当時、自分たちが通っていた大学から、車で小一時間ほどかかる「街」にある実家住まいのその先輩が言うには毎年、地元の高校時代の友人たちと昼頃からビールを飲みながら場所取りをして、一日中花火大会に費やすというのだ。

 自分は子どものときは地元で花火大会があっても家から見てることがほとんどで、会場へ向かうことがあっても、花火が打ち上げられている方向へ行けるところまで行って終わる前までには混雑のピークを避けるために帰るという、かなりセーブした楽しみかたで、高校時代は暗黒時代だったので家から、大学時代は試験期間と重なるために同じく家から少しだけ。と、それなりに楽しみにはしていたのだがそこまで思い入れがないままだった。

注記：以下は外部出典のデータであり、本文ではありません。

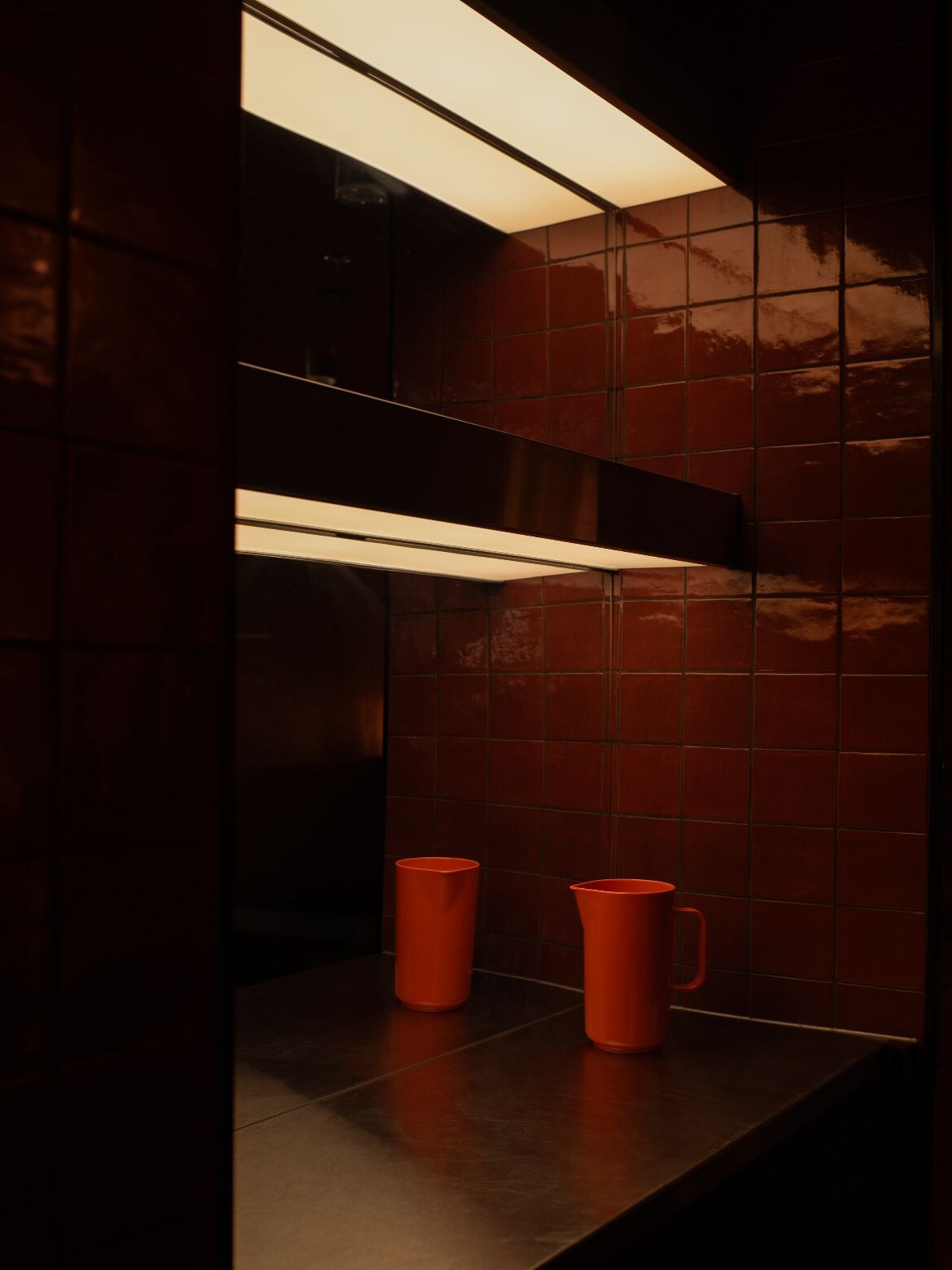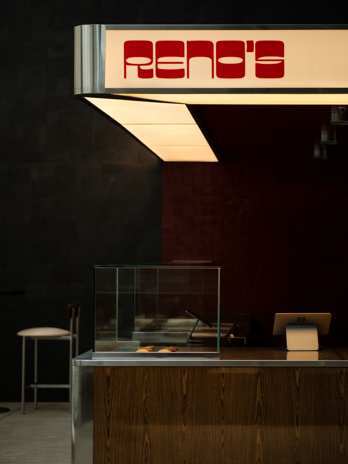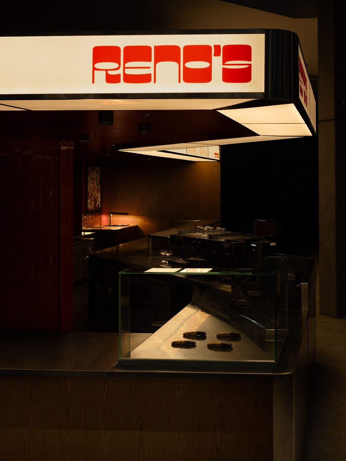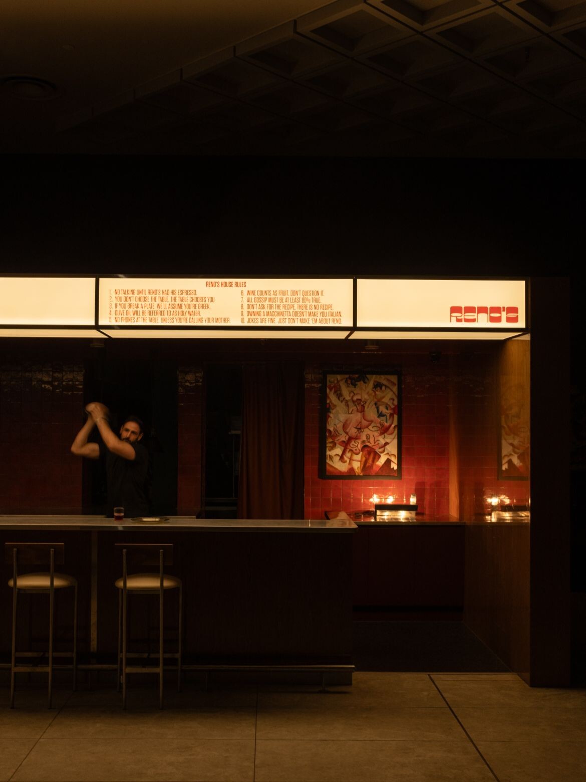 Inside, the tone shifts from the street – and away from the remainder of the re-invigorated building, designed by Studio Nine. A combination of heightened gloss timber, polished stainless steel and chrome details and the ripples in the tiled walls help to set the scene of Italian-inflected nostalgia. As a subtle transition from corporate lobby to hospitality venue, the material palette forms its own boundary and cocoons the space without the need for encasing walls. “We wanted people to feel the shift immediately [once inside],” Rowlands explains. “While still remaining part of the building at large, Reno’s Bistro has its own register, its own temperature.”
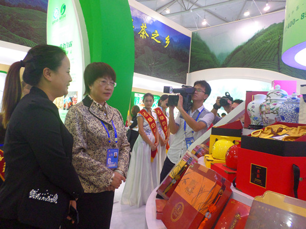 宜賓市委副書記呂曉莉(左二)在醒世茶業(yè)展廳
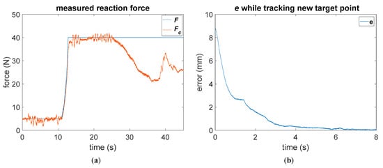 As shown in Figure 16, the error was reduced rapidly, as intended, and the converged e value was less than 3 mm. The large force over 20 N was applied to the head briefly—less than 10 s. From these results, (14) was used for the desired force of the force controller.
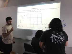 Siguiendo con las acciones de la estada en la UCN, de manera espontánea se estructuró un taller entre estudiantes de pedagogía y algunos de sus profesores de matemática y didáctica de la matemática. Cabe indicar que uno de los grupos de los estudiantes logró resolver los tres problemas que se plantearon, dando a conocer los procedimientos matemáticos, estrategias y argumentos.

数週間前に映画館へ、ある映画を観に行った。上映前に様々な映画の予告編が流れるがそのうちの一つに、ある「街」の「花火大会」のドキュメント映画の予告が流れた。

その先輩が住んでいたのはその「街」だった。その「街」の「花火大会」に鎮魂の意味もあることを自分が知ったのは、わりと最近である。


前回から一か月ぶりにこだまさんのエッセイが更新された。

※未読の方は是非、先に読んでみてください。







この回の冒頭は、こだまさんが自身のお父さんの一周忌の為に花屋に注文していた供花を受け取りに行くところから始まる。実家は配達してもらえない区域だから自分で取りに行くという。

 ルームミラーに映る花を確認しながら慎重に運転する。一週間前に十八キロ超えのスピード違反で捕まったばかりの私は、もう車絡みで失敗したくなかった。急ブレーキを踏んで花を倒したくないし、花に気を取られて車もろとも転がりたくない。

おしまい定期便 「一周忌という名の祭典」

花を車で取りに行くだけのエピソードが何やら穏やかではない雰囲気で始まる。 (何があったが知らないがスピード違反は多分、この時。)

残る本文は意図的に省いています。